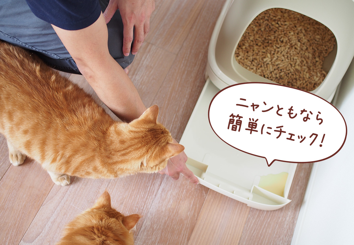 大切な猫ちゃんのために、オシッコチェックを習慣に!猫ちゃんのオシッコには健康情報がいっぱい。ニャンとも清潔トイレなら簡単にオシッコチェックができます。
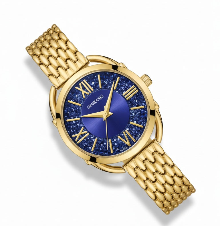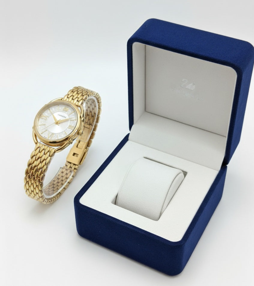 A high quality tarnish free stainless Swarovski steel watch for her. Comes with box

==

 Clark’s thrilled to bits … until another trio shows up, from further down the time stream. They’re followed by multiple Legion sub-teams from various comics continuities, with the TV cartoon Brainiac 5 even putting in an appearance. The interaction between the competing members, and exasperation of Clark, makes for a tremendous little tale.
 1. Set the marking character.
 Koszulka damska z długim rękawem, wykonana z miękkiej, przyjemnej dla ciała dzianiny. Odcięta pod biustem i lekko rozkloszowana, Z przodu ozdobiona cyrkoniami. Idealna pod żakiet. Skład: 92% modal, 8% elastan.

Task to complete: Drop the pictures; return the lines above from the line containing "大切な猫ちゃんのために、オシ" to the line containing "A high quality", both included, exactly.

Task result:
 大切な猫ちゃんのために、オシッコチェックを習慣に!猫ちゃんのオシッコには健康情報がいっぱい。ニャンとも清潔トイレなら簡単にオシッコチェックができます。
 A high quality tarnish free stainless Swarovski steel watch for her. Comes with box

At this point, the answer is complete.